The line that occurs between the end of the T wave and the beginning of the next P wave is generally called “baseline” or the “isoelectric line” and is associated with the absence of electrical activity. This becomes important when considering the pauses that occur during a single cardiac depolarization and the time between the cardiac cycles.

Evaluating an ECG

Evaluation of an ECG during anesthesia can give valuable information about the patient’s heart rate and can lead to early recognition of dysrhythmias that could become pathologic if left untreated. However, perianesthetic ECG interpretation may come with limitations, such as patient positioning, limited sites for electrode placement, and operating room artifacts. Therefore, ECG tracings recorded as part of continuous anesthetic monitoring may not meet all the recommendations for standardization associated with a fully diagnostic ECG. Regardless, there is still crucially important information that may be obtained from perianesthetic ECG monitoring.

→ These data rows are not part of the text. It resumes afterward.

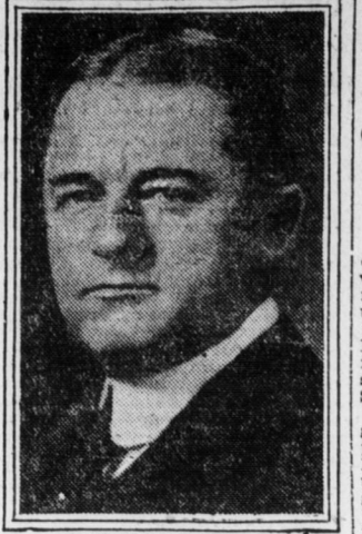
HENRY P. DAVISON.

Henry P. Davison, chairman of the American Red Cross War Council in France, declared in a recent address that the American Red Cross has organized services to take care of the families of the boys at the front, many of whom are worried over the taking care of mortgages and the payment of taxes.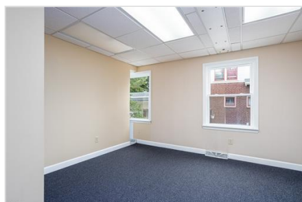
Carpeted spare room with a paneled ceiling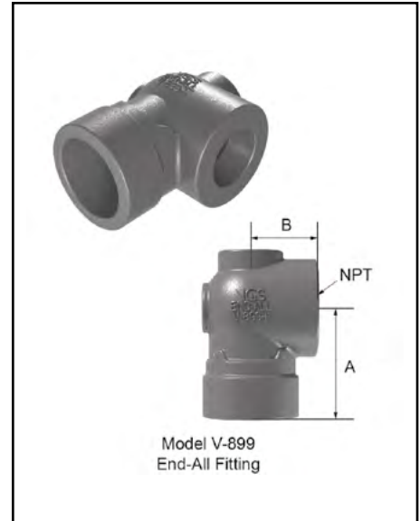
TABLE 1: VGS Model V-899 END-ALL FITTING SIZING CHART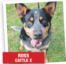
ROSS CATTLE X

Snoopy is a doggy gem! He loves to play fetch, sits for his food and doesn't jump up. Boofy with a big personality, he would love to be re-homed with another doggie friend.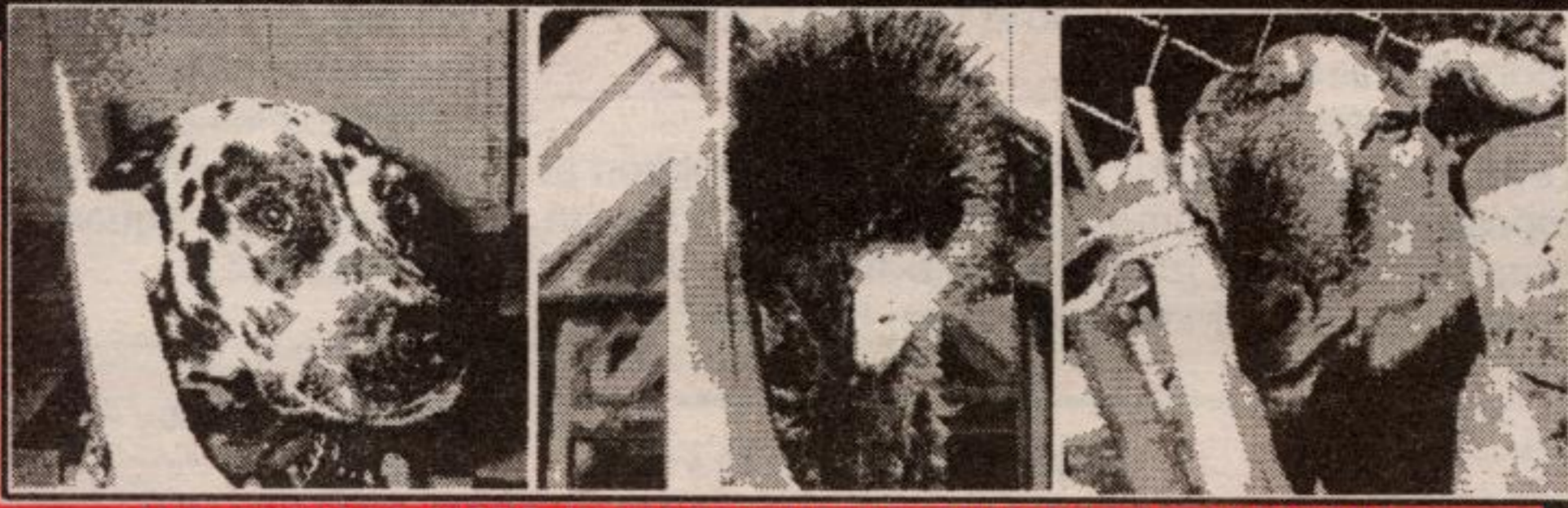
NO ANIMALS WERE INJURED DURING THIS PHOTO SESSION

WAYNE BAGULEY, SALES REP.* Specializing in Country Properties (905) 450-3355 OR (519) 833-0066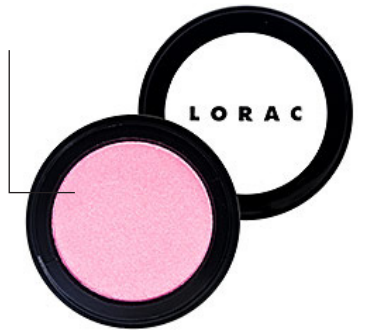
blush in desire LORAC

I love having all my products in one compact palette! Makes daily use much easier and faster!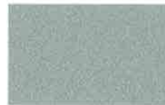
69. Space Silver BK20413XL SRI 58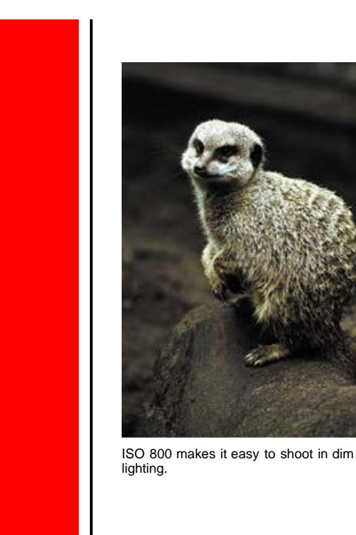
don't realize is that these zoom camera's lenses decrease aperture size as the lens is zoomed to its longest focal length—the maximum aperture at the maximum focal length might be in the f/9-f/11 range. This translates to more underexposure, more blur in moving subjects, and an overall decrease in depth of field. The solution is to compensate for this loss of light with a higher speed film. To better understand how an ISO 800 film can improve your images, let's look at some typical situations you might encounter.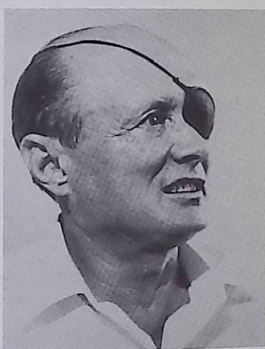
GENERAL MOSHE DYAN

Two performances, at 2 and 8 p.m., have been arranged for the Dec. 2 presentation of "1776." The Broadway musical won the Tony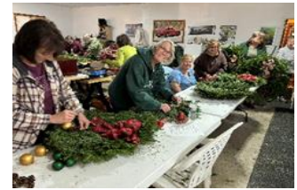
GFWC Menominee Members Decorating Wreaths in 2023

Guiding Harbor is embarking on an exciting new Independent Living Project to complement its current Girlstown residential program for Girls ages 10-18. Once girls reach age 18, they are no longer eligible to be part of the foster care program. To assist with the transition out of foster care, Guiding Harbor is planning to offer a Plus Program which offers housing and teaches life skills for girls from ages 18-22. Additional housing will be required to accomplish this, and a plan is in place to build a facility to accommodate the need. Fundraising has begun and Guiding Harbor is planning a Gala in Novi MI on November 9th. GFWC Menominee is offering support by donating a beautiful spa basket for the Guiding Harbor Gala on November 9. The Basket is filled with essential oils, diffuser, facial products, and other miscellaneous spa related goodies. If you would like to learn more about Guiding Harbor, please visit their website at https://guidingharbor.org/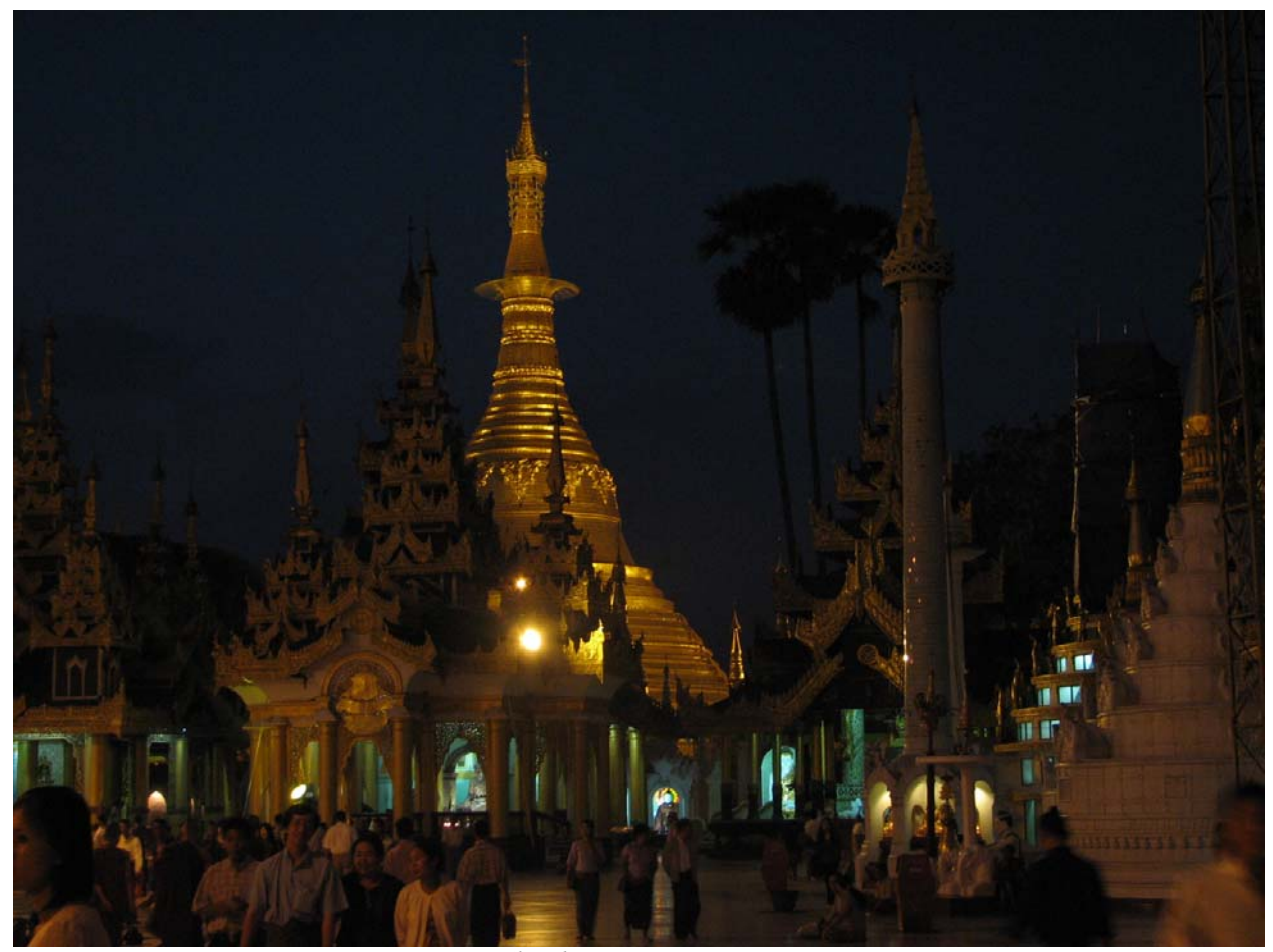
Shwedagon Paya in Yangon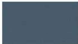
STUDIO ENCORE WEDGEWOOD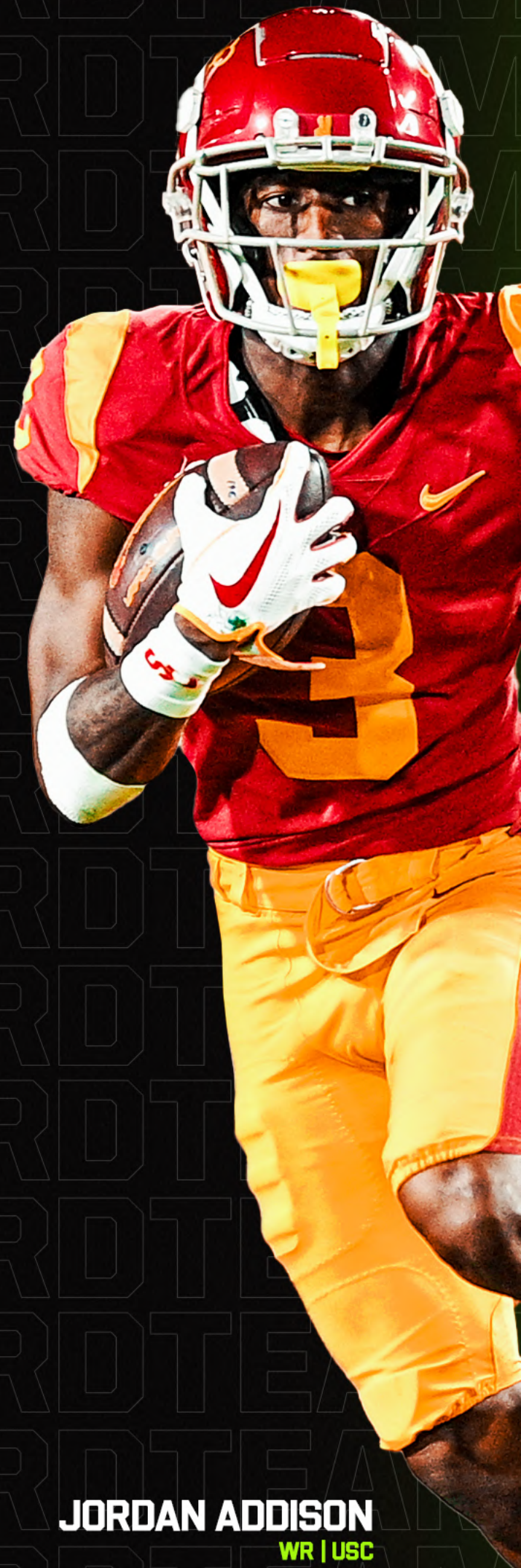
JORDAN ADDISON WR | USC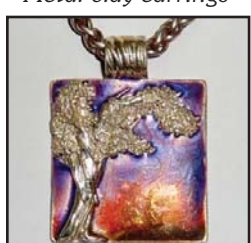
Metal clay necklace

Metal Clay instruction continues on Friday, September 13 with two workshops. A Beginner's Metal Clay workshop will be held from 9am-12noon ($95) with an Intermediate class creating a Picturesque Silver Tree Pendant ($120) from 1-4pm. Fine metal clays are versatile and easy to use, allowing participants to make jewelry in just a few hours. Registration is required with all supplies provided.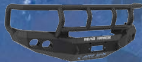
STEALTH BASE FRONT BUMPER WITH TITAN II GUARD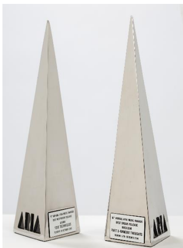
ARIA award for Best Independent Release presented to 1200 Techniques for 'Karma', 15 October 2002

Australian Music Vault, Arts Centre Melbourne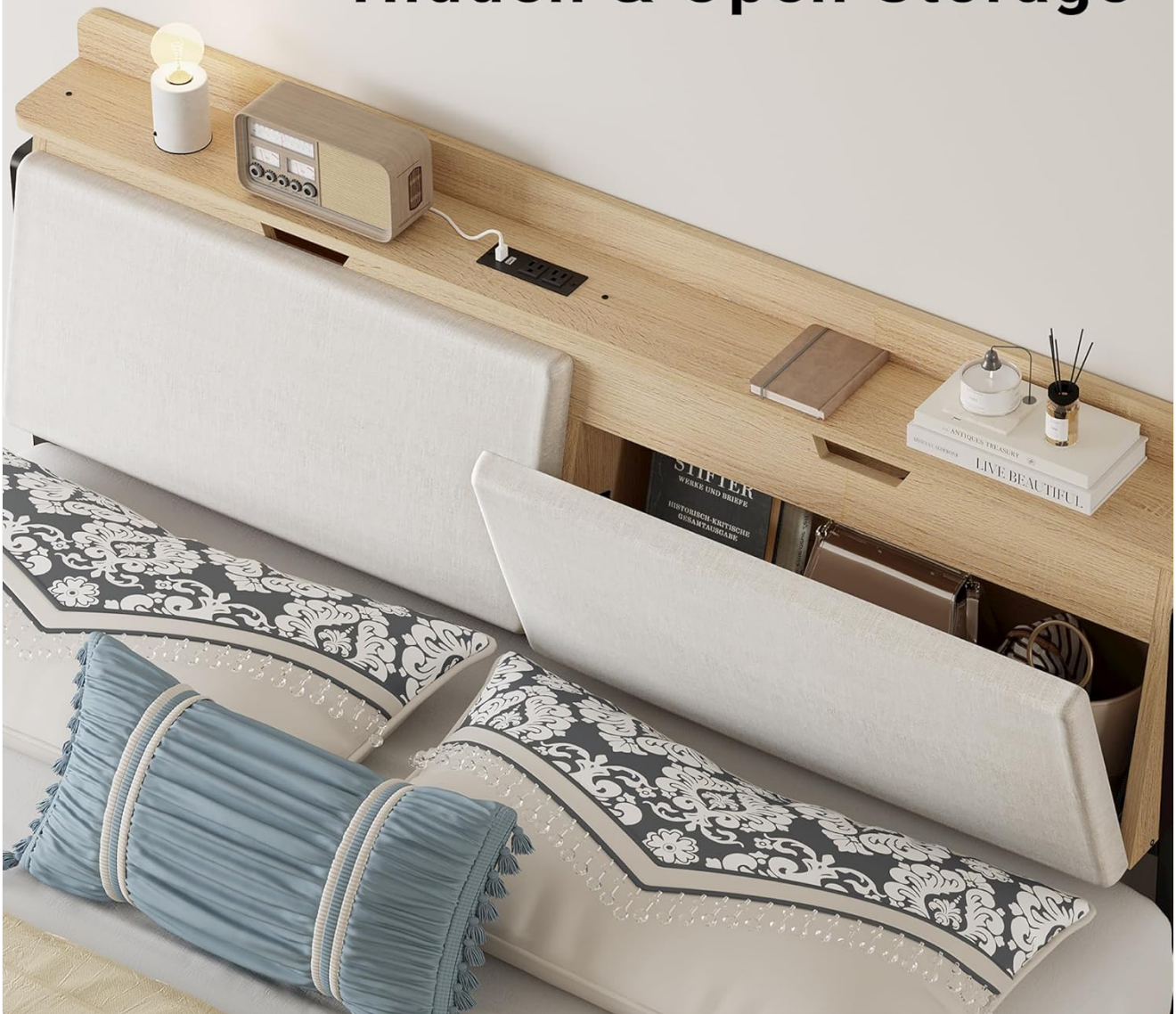
Image: The headboard with both hidden and open storage options visible, demonstrating its dual functionality.

When evaluating the ECG, it is important to note that the horizontal axis of an ECG printout (also referred to as a strip or tracing) is time in seconds while the vertical axis is voltage, displayed in millivolts (mV). It is also important to note the underlying paper or sweep speed, the rate at which the ECG paper or screen travels while the ECG is being traced, commonly 25 mm/s or 50 mm/s. At a faster paper speed (50 mm/s), each small box (1 mm) on the horizontal axis represents 0.02 s and the ECG complex will appear wider. At a slower speed (25 mm/s), each small box represents 0.04 s, and the ECG complex will appear narrower comparatively.

Heart rate calculation

The ECG can be used as a source for determining the patient’s heart rate; however, it can be susceptible to artifact and interference, which may make automated heart rate calculation by the monitor less accurate. There are multiple methods available to manually calculate a heart rate from a printed ECG. The simplest, albeit least accurate, way to calculate the heart rate is to determine the number of R waves within 3 s and multiply by 20 to obtain beats per minute (Fig. 11.4) [16].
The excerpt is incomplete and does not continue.